While the old-fashioned channels cannot be forgotten, revenue managers are shifting their focus to the channels that are growing the fastest, such as metasearch and mobile.
GLOBAL REPORT—It’s clear the future of leisure travel bookings is online.
Online channels, including online travel agencies and hotel websites, continue to experience dramatic growth in hotel bookings. Together, brand.com sites and OTAs account for nearly half of all leisure bookings, while the number of travelers who prefer calling the hotel directly, calling the brand’s 1-800 number, walking in or booking through a travel agent continues to wane, according to recent data from TravelClick.
InterContinental Hotels Group in its 2012 year-end annual report pointed to an increasing dependence on OTAs as a potential impact on the company’s brands and profitability.

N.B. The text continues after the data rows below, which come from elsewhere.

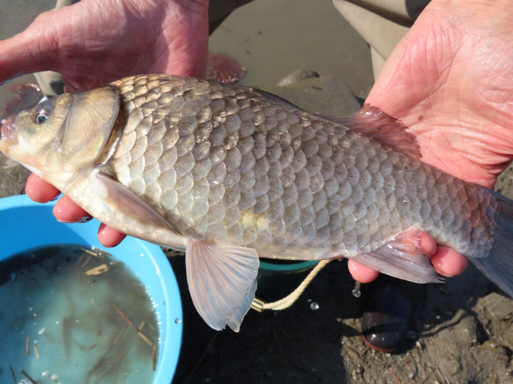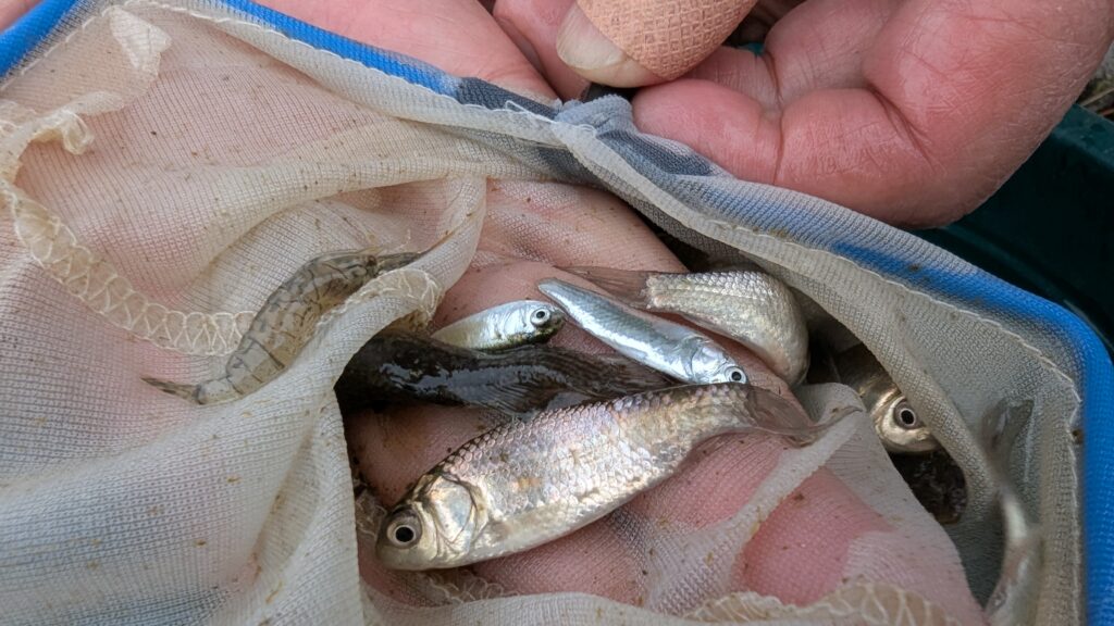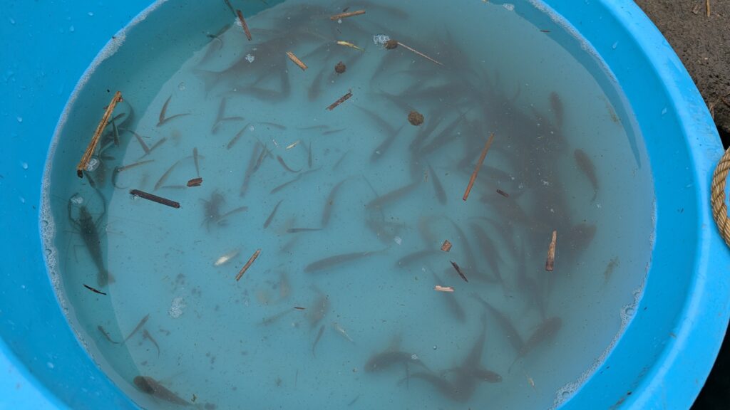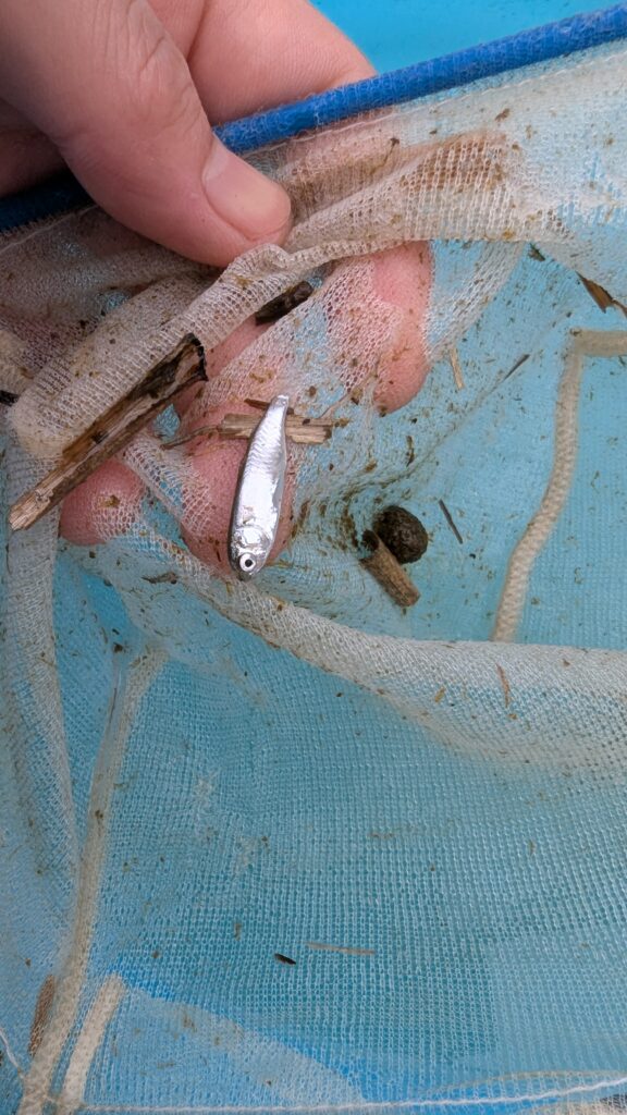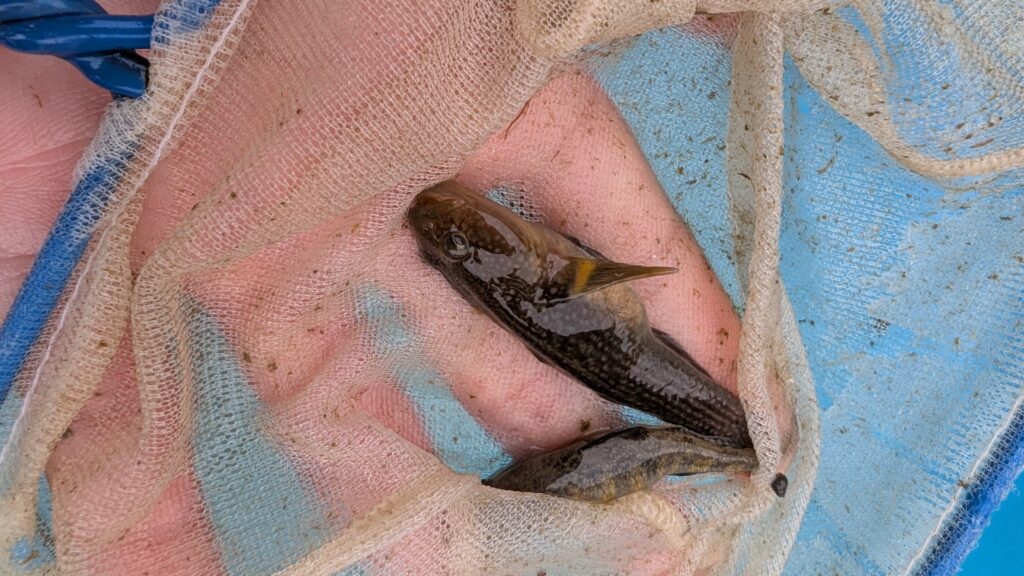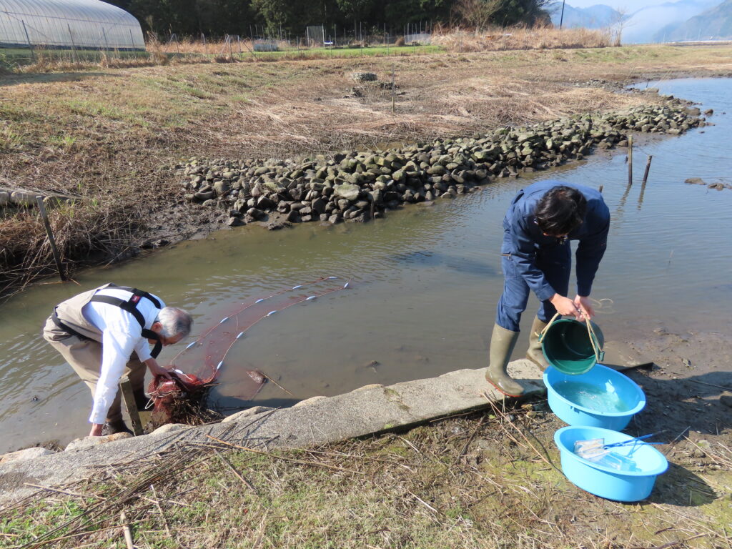 朝夕2回の調査を行い、①フナ ②シモフリシマハゼ ③マハゼ ④ビリンゴ ⑤ボラ ⑥ウグイ ⑦チチブ ⑧テナガエビ ⑨スジエビ ⑩モクズガニ
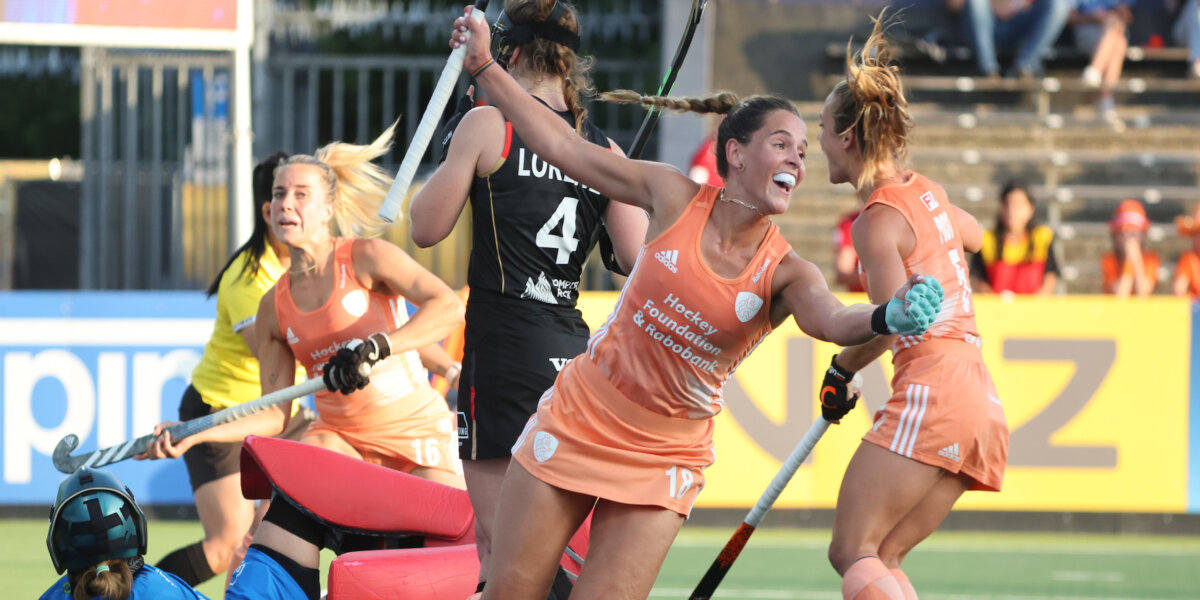 Of het echt een skill is, daarover valt natuurlijk te twisten. Maar wat er gebeurt nadat keepster Noelle Rother van Duitsland redding brengt op een strafcorner van Yibbi Jansen, is wel degelijk een kunststukje. Uit de lucht, en bij de eerste paal, slaat aangeefster Pien Sanders de 1-0 over de doellijn, nadat de bal min of meer per toeval voor haar stick is beland.
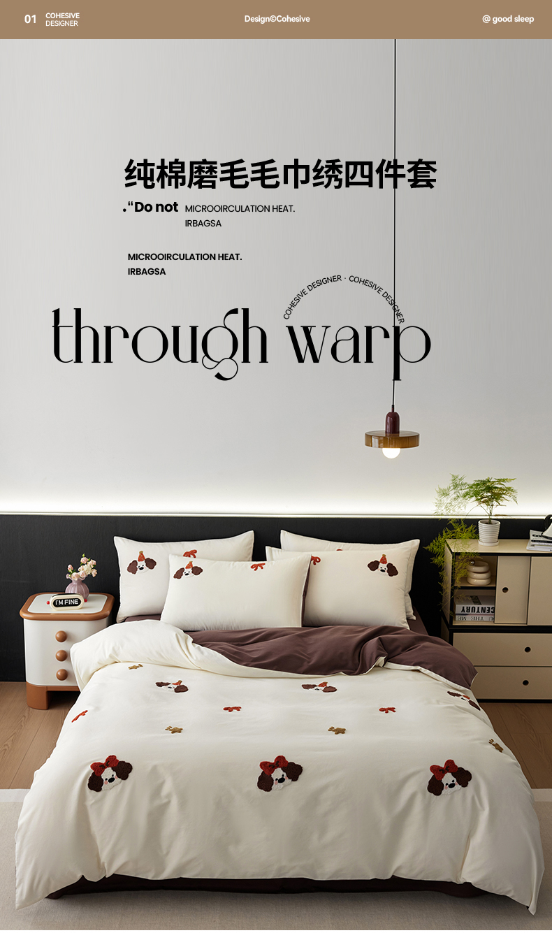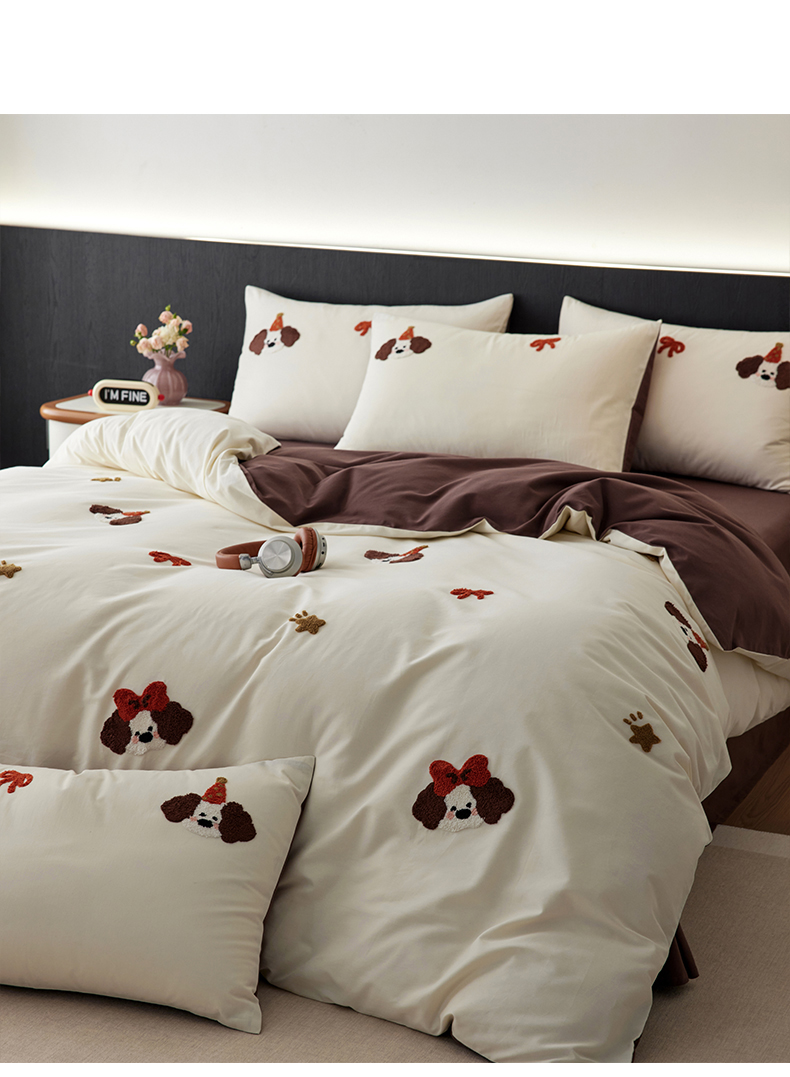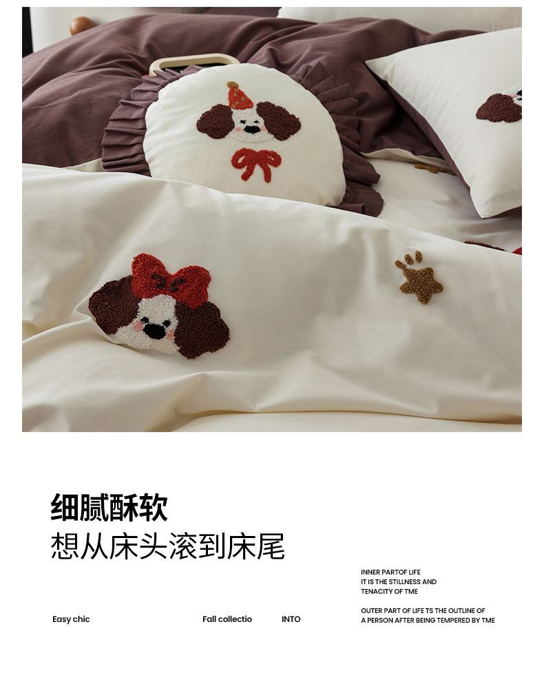 当前位置: 91家纺网 > 商品网购 > 床品套件 > 四件套 > 毛巾绣四件套 > 简纯主义 2025新款100S全棉磨毛毛巾绣甜甜系列四件套 星星狗
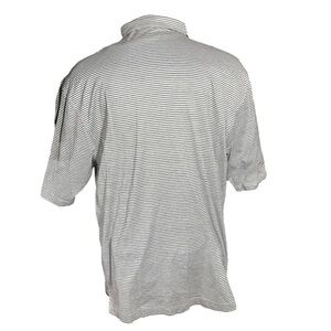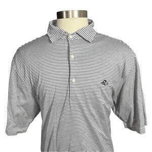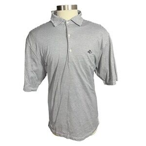 Fairway & Greene Men’s Grey with Navy Blue Stripes Embroidered Dog Logo 3-Button Moisture Wicking 100% Mercerized Cotton Short Sleeve Golf Polo Shirt Size XL. This polo is preowned and in very good condition.
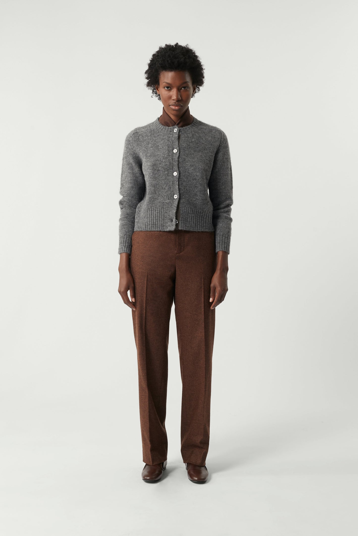Samuel est un pantalon droit emprunté au vestiaire masculin. Il possède une taille basse et est doublé jusqu’au genou pour le confort. Il peut être porté en ensemble avec le blouson Séoul pour créer le total look en flanelle chiné.
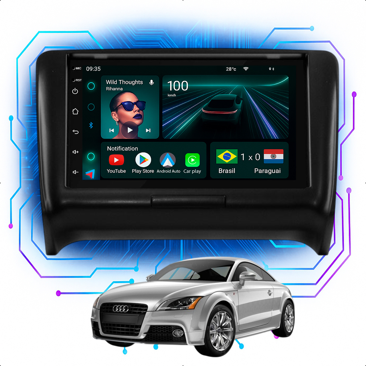 Central Multimidia 7” CarPlay + Android Auto, Wi-Fi, GPS, Câmera de Ré para Audi TT 2000 até 2014
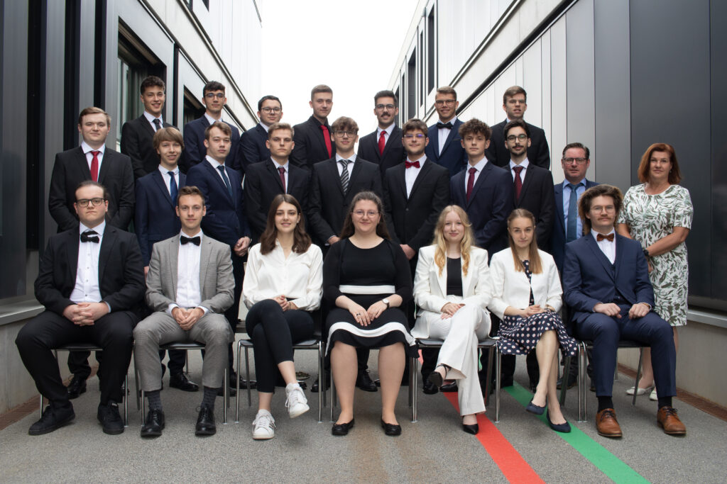 - Reihe von links: Stefan Geßl, Alexander Lindner, Simon Mair, David Weiß, Maximilian Hartl, Raffael Nistelberger, Ben Obermüller, Gabriel Schmidbauer, Mag. Gerald Hainbucher, Dir. DI Barbara Egger
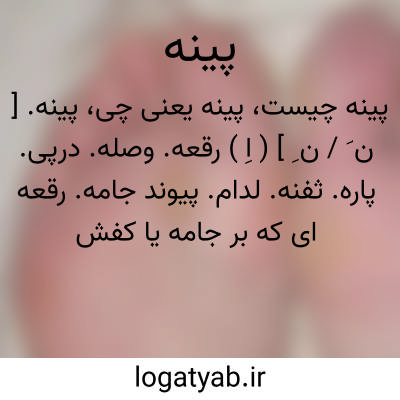 پینه. [ ن َ / ن ِ ] ( اِ ) رقعه. وصله. درپی. پاره. ثفنه. لدام. پیوند جامه. رقعه ای که بر جامه یا کفش دریده و جز آن دوزند. درپه. دژنگ. باز افکن. پرگاله. صاحب انجمن آرا و بتبع وی صاحب آنندراج آرد:پارچه که بر کفش و جامه و خرقه گذاشته بدوزند و آنرا بعربی وصله گویند که سبب وصل دو پارچه شکافته گردد و این در اصل پی نه بوده است بفتح بای پارسی و کسر نون یعنی چیزی که در پی چیزی می نهاده اند و آنرا در پی نیز گویند: و پیاده در بازار رفتندی و پیراهن ها از پنبه و پینه درشت بر آن دوخته تا نیمه ساق ( تجارب السلف ). || شوغ. شغه. شغ. شوخ. سرو. کبره.کوره. ستبری که در پوست دست یا پای از کار یا رفتن پدید آید. ستبری که از کار و نشستن و رفتن در کف دست و پای و زانو و غیره پدید آید. کلفتی پوست دست و پا. برآمدگی سخت که بر پای و دست از بسیاری کار و بر پیشانی از کثرت سجده پیدا شود. پوست دست و پا و اعضا که بسبب کار کردن سخت و سطبر شده باشد. ( برهان ). جزئی از پوست که برتن سخت شده باشد از کار کردن. پوست دست و زانو و کف پا و پاشنه پا که بواسطه کار کردن سطبر و سخت شود یا شکافته شود ( آنندراج ). صلابتی که بر زانوی شتر از بسیاری سودن بر زمین و بر پیشانی عباد از کثرت سجود و امثال آن پدید آید. قسمتی از بشره که بعلت بسیار سائیده شدن ستبر شود و بعضی زاهدان ریائی با قاشق چوبی داغ کرده که مدتی گاه و بیگاه بر پیشانی نهند پینه عملی و مصنوع در آن پیدا آرند و بمریدان چنان نمایند که از اثر کثرت سجده است. شوخ بسته بر مساجد سبعه آدمی و بر سینه و زانوی شتر و امثال آن. ثفنه؛ پینه زانو. ( دهار ). || پین. در اصطلاح بنائی، مقداری به اندازه کلفتی یک آجر از زمین. رجوع به پین شود.
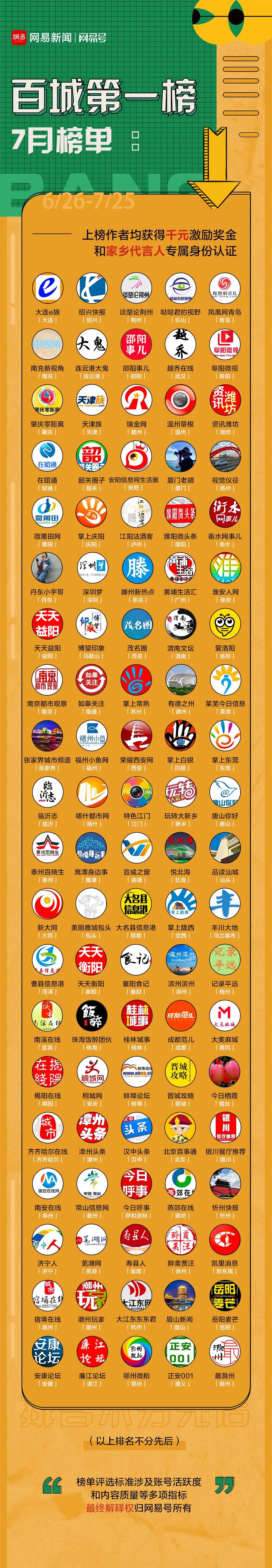 網(wǎng)易號“尋找家鄉(xiāng)代言人”系列扶持計(jì)劃之百城第一榜,旨在獎勵為用戶提供多元化本地內(nèi)容的優(yōu)質(zhì)本地作者。升級版“百城第一榜”專注于扶持創(chuàng)作方向?yàn)楸镜爻院韧鏄贰⒈镜厣鐣䶮狳c(diǎn)、本地人文歷史的自媒體作者。榜單根據(jù)本地作者的發(fā)文數(shù)量、發(fā)文質(zhì)量、原創(chuàng)度、活躍度和互動等多重數(shù)據(jù)表現(xiàn)進(jìn)行評選。上榜賬號可獲得千元現(xiàn)金獎勵、“家鄉(xiāng)代言人”專屬身份認(rèn)證和運(yùn)營一對一發(fā)文指導(dǎo)等多項(xiàng)福利。
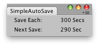public class SimpleAutoSave : EditorWindow { public float saveTime = 300; public float nextSave = 0; [MenuItem("Example/Simple autoSave")] static void Init() { SimpleAutoSave window = (SimpleAutoSave)EditorWindow.GetWindowWithRect(typeof(SimpleAutoSave), new Rect(0, 0, 200, 50)); window.Show(); }
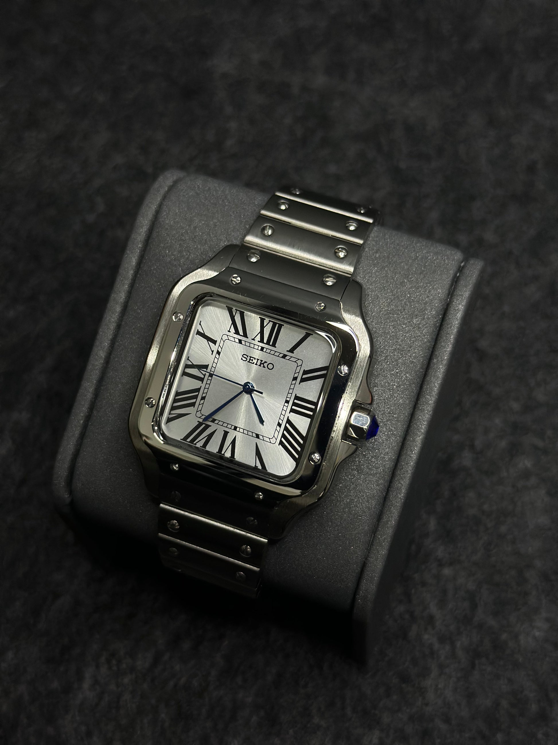Handcrafted and assembled by our in-house watch experts, the Seiko Santos Mod merges Seiko's precision with the timeless square design of the Santos. Featuring bold numerals, a refined stainless steel case, and an NH35 automatic movement, this watch is the perfect blend of classic style and modern functionality.
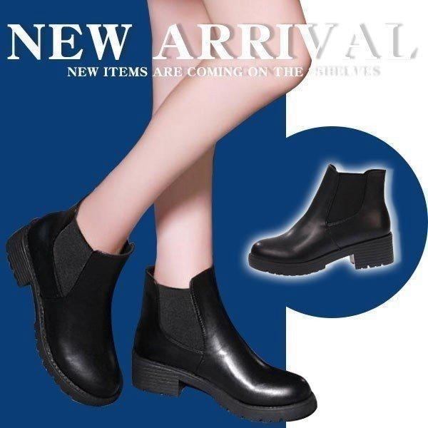 サイドゴアショートブーツレディースショート丈2タイプ秋冬靴厚底ローヒール太ヒール黒のみ痛くない歩きやすい防滑シンプル

“Travelers now have access to far more information through comparison websites, search engines and online travel agents,” the report reads. “Sales through these channels typically have high commission rates and are taking an increasing share of bookings across the travel and hospitality sector.”
While the old-fashioned channels cannot be forgotten (as they still represent about half of leisure bookings today, and are often the most profitable), revenue managers are shifting their focus to the channels that are growing the fastest. So just how are distribution experts evolving their strategies to keep up with the shift in booking demand?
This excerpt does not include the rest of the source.